Ходячий мертвяк, констатировал состояние дел Огюст. Экспонат музея вуду, персонаж дешёвого «хоррора». Чтобы хоть как-то загнать в угол подступающий ужас, он вытянул руки вперёд, безвольно опустил кисти, закатил глаза под веки и слегка приоткрыл рот. Закачался из стороны в сторону. Поймал краем глаза картинку в зеркале. Смеяться было нечем — он не дышал с раннего утра среды, но воображаемый смех помог ненадолго выбраться из-под гнёта отчаяния.
Итак, он условно жив, если так можно назвать приобретённое состояние. По крайней мере, Огюст воспринимал себя по-прежнему собой, даже несмотря на присутствие эфирного существа, потеснившего его внутри собственного тела. Впрочем, квартирант не дал остановиться сердцу и угаснуть мозгу, чем сполна расплатился за съём угла. Душа Огюста не отлетела в зенит на белых крыльях и не низверглась в ад по огненному жёлобу. Он — это всё ещё он, с мыслями, желаниями и памятью… Памятью, которую страшно ворошить. Книгой, которую не хочется перечитывать…

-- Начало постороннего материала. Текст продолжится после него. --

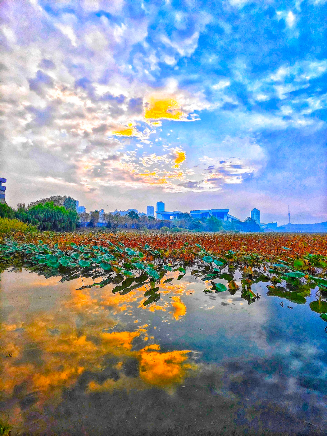 今天的太阳正好,今天的月湖起得真早!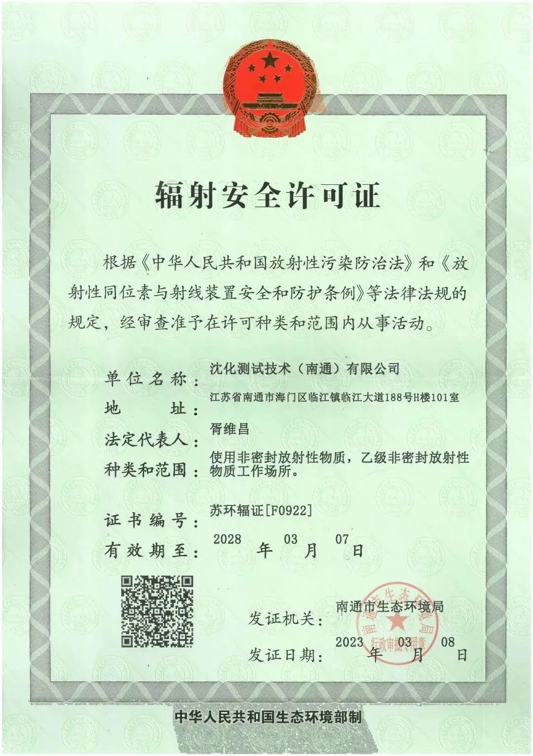 近日,沈陽院沈化測試技術(shù)(南通)有限公司獲得江蘇省南通市生態(tài)環(huán)境局許可的《輻射安全許可證》。至此,測評南通公司正式具備了利用放射性核素開展核素標(biāo)記合成實(shí)驗(yàn)和藥物代謝示蹤實(shí)驗(yàn)的法定條件。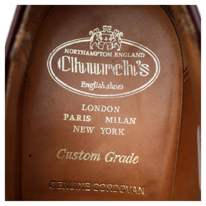 Church's 'Grafton' derby brogue in burgundy cordovan leather. In excellent used condition, showing minor signs of wear.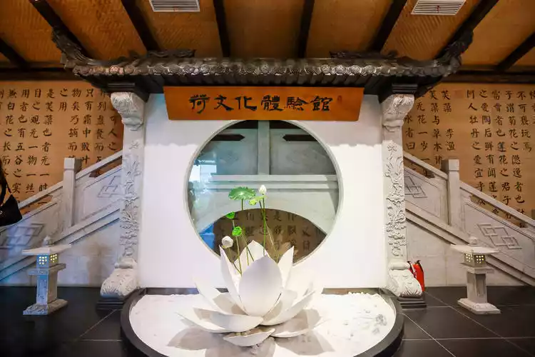 Not far from the statue of the Lotus Fairy, there is a small house. This is the Lotus Culture Experience Hall. With ten thousand acres of lotus pond as the background, it is the first lotus-themed comprehensive exhibition hall in Jiangsu Province. It is divided into six theme exhibition areas: "Sequence", "View", "Knowledge", "Enlightenment", "Inheritance" and "Realm".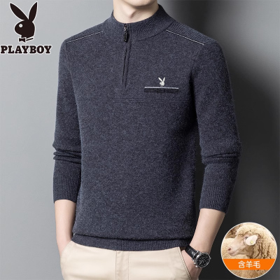 花花公子秋冬季新款加厚毛衣男半高领中年爸爸装含羊毛针织打底衫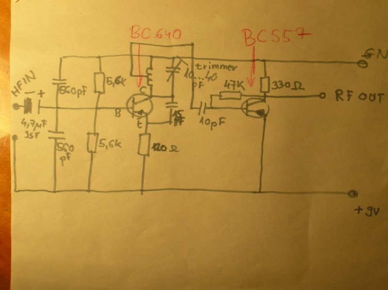 Ez az általam elkészített és műkődő kapcsolás, amit már két éve használok. Az első fokozatban, BC640-es tranya helyett nyugodtan használj BC 547-et, mint a második tranyánál ![]() Ez a kapcsi azért jobb egy egyszerű egytranyosnál, mert egyrészt, ha 12V-ról járatod (akkumulátor!!), akkor akár 100mW kimenője is lehet, és stabilabb lesz a frekvenciád, mert az antenna nem közvetlenül az oszci tekercséről csatolódik, hanem egy külön fokozatról csatolod ki. üdv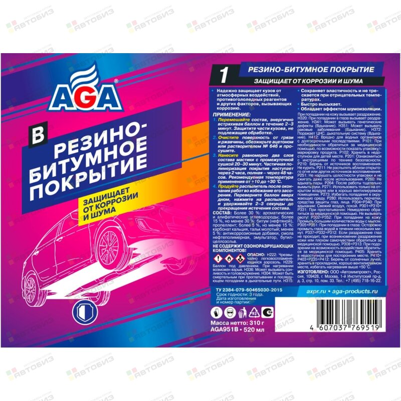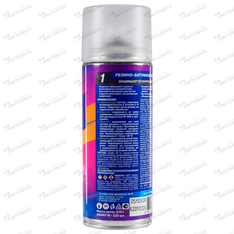 Купить Антикор AGA Резино-битумное покрытие, аэроз. 520мл (1/12), AGA951B и другие автотовары в оптовом интернет-магазине Автобиз с доставкой. Мы работаем по всему Дальнему востоку и Сибири. На нашем сайте вы можете подобрать запчасти под нужный автомобиль и сразу заказать их. Всегда в наличии большой ассортимент автозапчастей, автоаксессуаров, автохимии и масел.
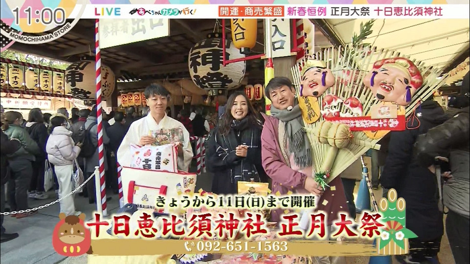 【住所】福岡市博多区東公園8-1 【電話】092-651-1563 十日恵比須神社 正月大祭 1/11まで開催 *中継にて紹介

Ну что стоило остаться в том казино на теплоходе? Спрятаться за портьеру, сидеть там до утра. А если бы и пришли за ним, то кричать, хвататься за поручни, звать полицию? Разве нельзя было хотя бы ненадолго включить воображение — и напугаться увиденного?
Или чуть позже на пирсе, когда разглядел, как одурманенного Везунчика волокут к фургону? Неужели и тогда не понял, не представил, не предугадал, что может случиться дальше?
Слепое ты бревно, Огюст! Потому что перед разверстым зевом контейнера уже не оставалось других тропинок в вероятное будущее. Лети на свет, мотылёк!
Ради чего всё это было? Неужели короткие секунды торжества, упоения превосходством над униженным обидчиком стоили такого быстрого и глупого прощания с жизнью? Или это инфантильное любопытство взяло верх над рациональным? Покажи-ка нам, Везунчик, что за фигурку ты там прячешь! Что за волшебная свинка шепчет тебе советы на ушко.
Всё, что произошло в контейнере, слилось для Огюста в один долгий размытый кадр, импрессионистские пятна света и тени, складывающиеся в подобие игрового стола, золотой оскал Пьера, охру ржавых стен, зелёное сукно с рябью фишек и карт. Но отдельно от всего, гиперреалистично, чётче чем в состоянии видеть человеческий глаз, впечаталась в память фигурка металлической свиньи, её крошечные копытца и наглое рыло, ухмыляющееся и мерзкое.
Едва Огюст взял Свинью в руку, мир дрогнул и осыпался. Старые декорации обрушились, обнажая реальную действительность: матово-белое поле до горизонта, бездонное молочное небо слепит глаза, бугрятся неподалёку горки-холмики, и каждая — это человеческая сущность, перекатывающаяся под поверхностью мира как мышцы под кожей боксёра.